Center for Biomedical Engineering and School of Engineering, Brown University, Providence, RI 02912, United States.
Department of Orthopedics, The Warren Alpert Medical School of Brown University and Rhode Island Hospital, Providence, RI 02903, United States.
J Biomech. 2021 May 7;120:110362. doi: 10.1016/j.jbiomech.2021.110362. Epub 2021 Mar 6.
Optical motion capture (OMC) systems are commonly used to capture in-vivo three-dimensional joint kinematics. However, the skin-based markers may not reflect the underlying bone movement, a source of error known as soft tissue artifact (STA).

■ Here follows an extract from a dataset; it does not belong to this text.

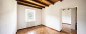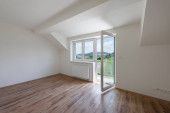 Biały i całkowicie pustym pokoju z drewna na suficie, nikt nie wewnątrz

This study examined STA during wrist motion by evaluating the agreement between OMC and biplanar videoradiography (BVR). Nine subjects completed 7 different wrist motion tasks: doorknob rotation to capture supination and pronation, radial-ulnar deviation, flexion-extension, circumduction, hammering, and pitcher pouring. BVR and OMC captured the motion simultaneously. Wrist kinematics were quantified using helical motion parameters of rotation and translation, and Bland-Altman analysis quantified the mean difference (bias) and 95% limit of agreement (LOA). The rotational bias of doorknob pronation, a median bias of -4.9°, was significantly larger than the flexion-extension (0.7°, p < 0.05) and radial-ulnar deviation (1.8°, p < 0.01) tasks. The rotational LOA range was significantly smaller in the flexion-extension task (5.9°) compared to pitcher (11.6°, p < 0.05) and doorknob pronation (17.9°, p < 0.05) tasks. The translation bias did not differ between tasks. The translation LOA range was significantly larger in circumduction (9.8°) compared to the radial-ulnar deviation (6.3°, p < 0.05) and pitcher (3.4°, p < 0.05) tasks. While OMC technology has a wide-range of successful applications, we demonstrated it has relatively poor agreement with BVR in tracking wrist motion, and that the agreement depends on the nature and direction of wrist motion.
光学运动捕捉(OMC)系统通常用于捕获体内三维关节运动学。然而,基于皮肤的标记物可能无法反映潜在的骨骼运动,这是一种称为软组织伪影(STA)的误差源。本研究通过评估 OMC 与双平面影像摄影(BVR)之间的一致性,来研究手腕运动中的 STA。9 名受试者完成了 7 种不同的手腕运动任务:门把手旋转以捕获旋前和旋后、桡尺偏、屈伸、回旋、锤击和投球。BVR 和 OMC 同时捕获运动。手腕运动学使用旋转和平移的螺旋运动参数进行量化,Bland-Altman 分析量化了平均差异(偏差)和 95%一致性界限(LOA)。门把手旋转的旋转偏差中位偏差为-4.9°,明显大于屈伸(0.7°,p<0.05)和桡尺偏(1.8°,p<0.01)任务。屈伸任务的旋转 LOA 范围(5.9°)明显小于投球(11.6°,p<0.05)和门把手旋转(17.9°,p<0.05)任务。平移偏差在任务之间没有差异。回旋的平移 LOA 范围(9.8°)明显大于桡尺偏(6.3°,p<0.05)和投球(3.4°,p<0.05)任务。虽然 OMC 技术有广泛的成功应用,但我们证明它在跟踪手腕运动方面与 BVR 的一致性相对较差,并且这种一致性取决于手腕运动的性质和方向。